:: SUPPLIED INFORMATION

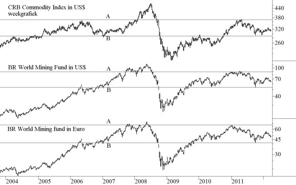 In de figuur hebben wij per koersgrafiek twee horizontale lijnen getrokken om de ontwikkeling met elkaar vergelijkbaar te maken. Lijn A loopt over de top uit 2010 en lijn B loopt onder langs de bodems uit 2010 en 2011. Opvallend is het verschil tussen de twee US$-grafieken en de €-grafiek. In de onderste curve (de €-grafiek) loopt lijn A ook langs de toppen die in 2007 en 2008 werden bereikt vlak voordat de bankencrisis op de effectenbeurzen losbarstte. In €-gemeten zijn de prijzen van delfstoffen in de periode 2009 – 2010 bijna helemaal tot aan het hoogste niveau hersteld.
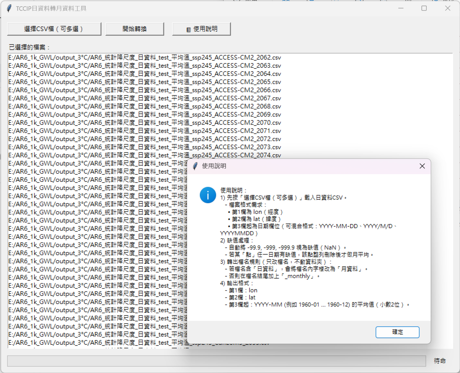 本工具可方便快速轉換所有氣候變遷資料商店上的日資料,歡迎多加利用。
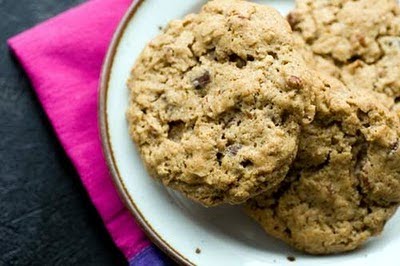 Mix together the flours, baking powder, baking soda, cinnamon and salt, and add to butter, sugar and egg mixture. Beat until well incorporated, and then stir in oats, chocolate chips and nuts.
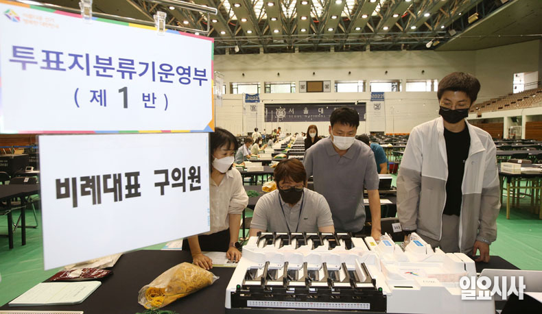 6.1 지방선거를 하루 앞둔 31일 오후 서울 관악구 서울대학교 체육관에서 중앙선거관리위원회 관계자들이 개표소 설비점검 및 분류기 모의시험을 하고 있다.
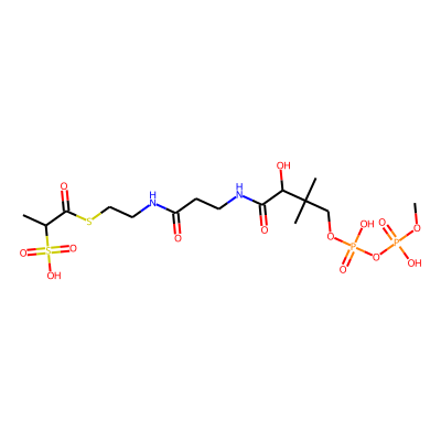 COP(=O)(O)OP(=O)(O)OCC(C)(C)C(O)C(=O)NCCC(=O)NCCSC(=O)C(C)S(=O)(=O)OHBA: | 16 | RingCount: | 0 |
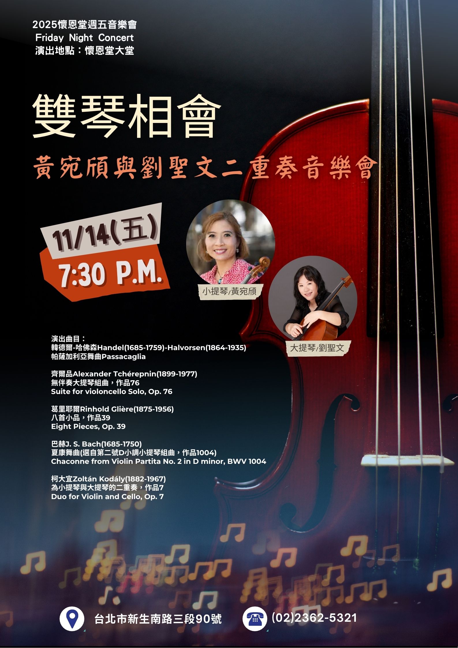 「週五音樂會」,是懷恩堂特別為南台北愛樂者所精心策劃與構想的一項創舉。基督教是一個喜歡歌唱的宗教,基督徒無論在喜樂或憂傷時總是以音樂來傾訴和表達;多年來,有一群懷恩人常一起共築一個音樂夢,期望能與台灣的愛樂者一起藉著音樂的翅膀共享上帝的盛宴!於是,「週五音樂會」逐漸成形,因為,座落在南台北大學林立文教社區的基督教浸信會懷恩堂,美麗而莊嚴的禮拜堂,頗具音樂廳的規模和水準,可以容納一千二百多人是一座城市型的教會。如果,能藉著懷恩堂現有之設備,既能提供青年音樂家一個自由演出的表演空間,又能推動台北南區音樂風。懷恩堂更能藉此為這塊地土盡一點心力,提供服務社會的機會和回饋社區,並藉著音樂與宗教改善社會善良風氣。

::::

**PROBLEM TO WORK ON**
Would you print, exactly as they appear, the lines from the line with "6.1 지방선거를 하루" through the end of the entries above, leaving out the pictures?

**YOUR SOLUTION**
 6.1 지방선거를 하루 앞둔 31일 오후 서울 관악구 서울대학교 체육관에서 중앙선거관리위원회 관계자들이 개표소 설비점검 및 분류기 모의시험을 하고 있다.
 COP(=O)(O)OP(=O)(O)OCC(C)(C)C(O)C(=O)NCCC(=O)NCCSC(=O)C(C)S(=O)(=O)OHBA: | 16 | RingCount: | 0 |
 「週五音樂會」,是懷恩堂特別為南台北愛樂者所精心策劃與構想的一項創舉。基督教是一個喜歡歌唱的宗教,基督徒無論在喜樂或憂傷時總是以音樂來傾訴和表達;多年來,有一群懷恩人常一起共築一個音樂夢,期望能與台灣的愛樂者一起藉著音樂的翅膀共享上帝的盛宴!於是,「週五音樂會」逐漸成形,因為,座落在南台北大學林立文教社區的基督教浸信會懷恩堂,美麗而莊嚴的禮拜堂,頗具音樂廳的規模和水準,可以容納一千二百多人是一座城市型的教會。如果,能藉著懷恩堂現有之設備,既能提供青年音樂家一個自由演出的表演空間,又能推動台北南區音樂風。懷恩堂更能藉此為這塊地土盡一點心力,提供服務社會的機會和回饋社區,並藉著音樂與宗教改善社會善良風氣。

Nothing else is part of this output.